See Creedon Controls, Inc. V. Banc One Bldg. Corp., 470 F. Supp. 2d 457 (D. Del. 2007); Restatement (Second) Agency § 26.
Histed, 621 A.2d 340, 345 (Del. 1993).
An employer, however, is generally not liable for torts committed by its employee while commuting to and from work under the coming and going rule. Under Delaware case law, when it is shown that the purpose of the employee's trip was in furtherance of some interest of the employer and that employee was acting within the scope of employment, the employer is liable for the employee's conduct. In determining whether an employee acted within the course and scope of employment, Delaware applies § 228 of the Restatement (Second) Agency where it is enough for employer liability to attach if the employer's business "actuates the employee to any appreciable extent."
Barnes, 405 A.2d at 137; Histed, 621 A.2d at 343.
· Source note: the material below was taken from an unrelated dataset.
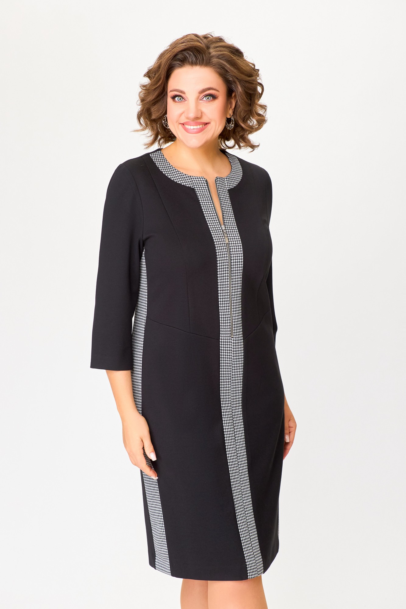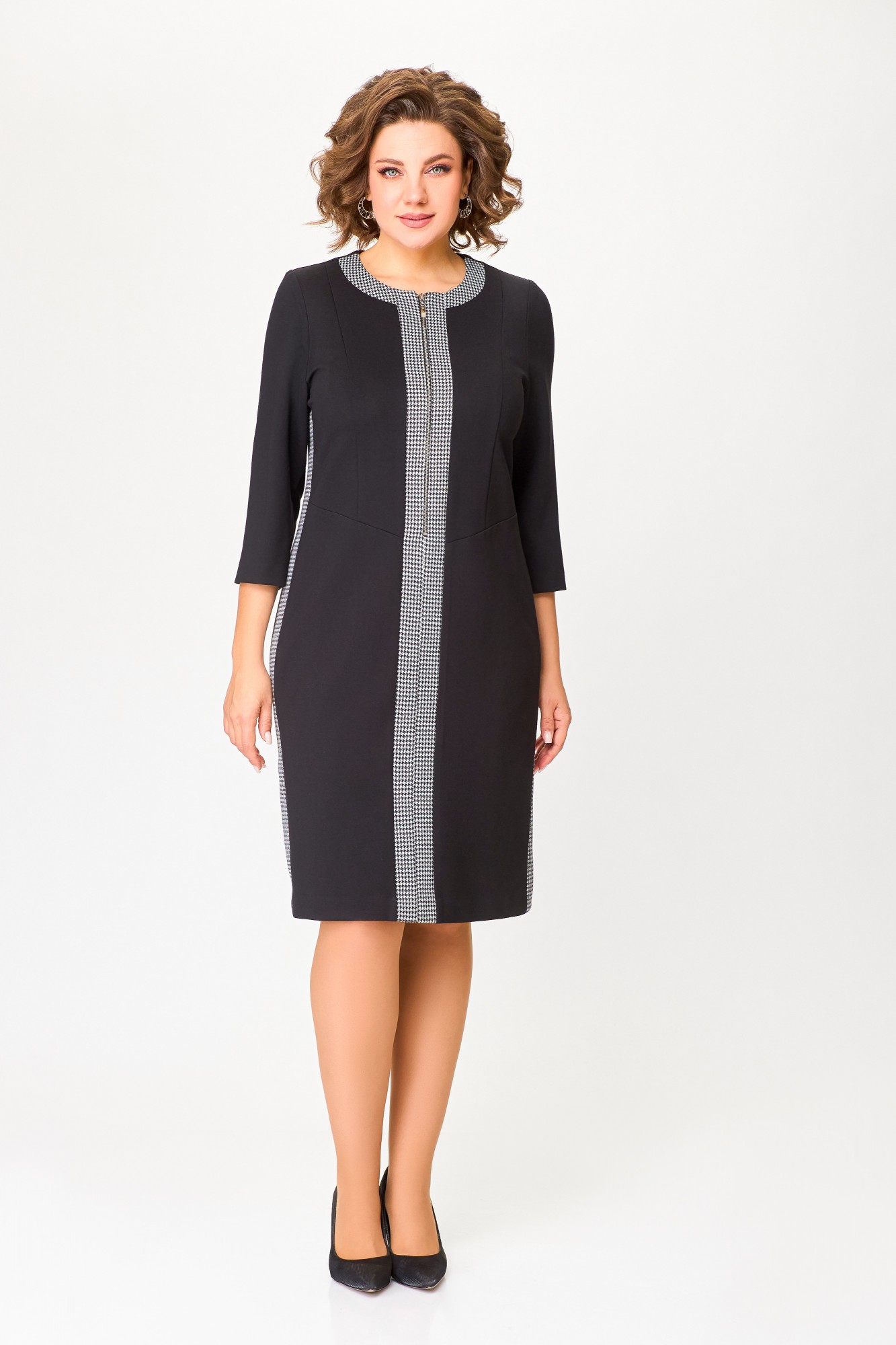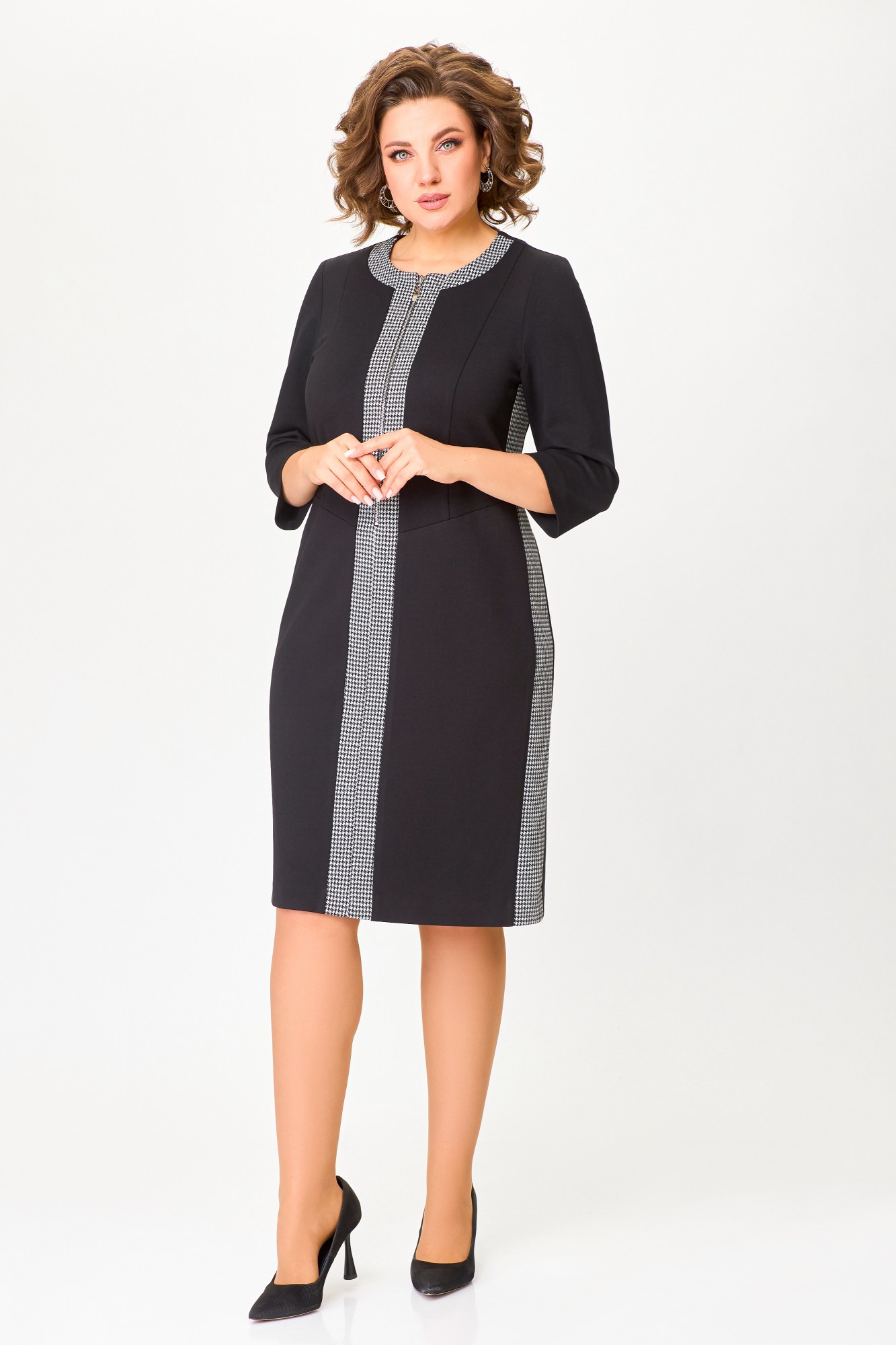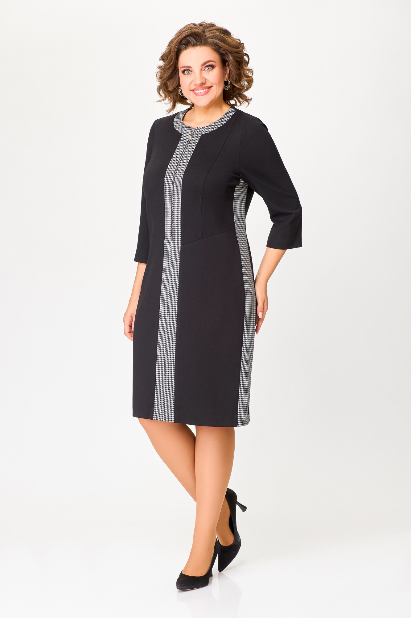 Платье Swallow 773 Чёрный, Чёрно-белая гусиная лапка

Cough, 2007 WL 2323484 at *1.
Id.
Yan's official job title with Pack Process was as a Quality Control Inspector, and she was hired in that capacity. The responsibilities of that position did not include transporting workers. Based on her discussion with Newsome, and Pack Process's apparent need for contract workers, however, a reasonable jury may or may not conclude that Yan was authorized, actual or implied, by Pack Process to drive the workers to and from the plant. The contents of Yan's conversation with Newsome and the reasonableness of her interpretation of that discussion are in dispute. Pack Process contends that the exchange was simply a friendly conversation, while Yan claims that she received permission and was expected to transport workers. Pack Process also maintains that it did not compensate Yan for her driving services; however, testimony exists that weekly payment for fuel was provided by Pack Process through Lam Staffing. Moreover, how a reasonable person would interpret the exchange between Yan and Adkins, including Adkins' admonition and its implications, is disputed.
5. CONCLUSION
As a result, there are genuine issues of material fact regarding the conversation between Yan and Newsome and whether, as a result of that conversation, a reasonable person would have interpreted that Pack Process actually authorized her to transport workers. Further, under implied authority, whether Yan was acting within the scope of employment at the time of the accident, under the totality of the circumstances analysis, raises genuine issues of material fact. Therefore, in light of the significant overlap in the parties' legal and factual arguments on summary judgment, and the relationship of the disputed facts to those arguments, both motions for summary judgment (D.I. 105, 106) are denied.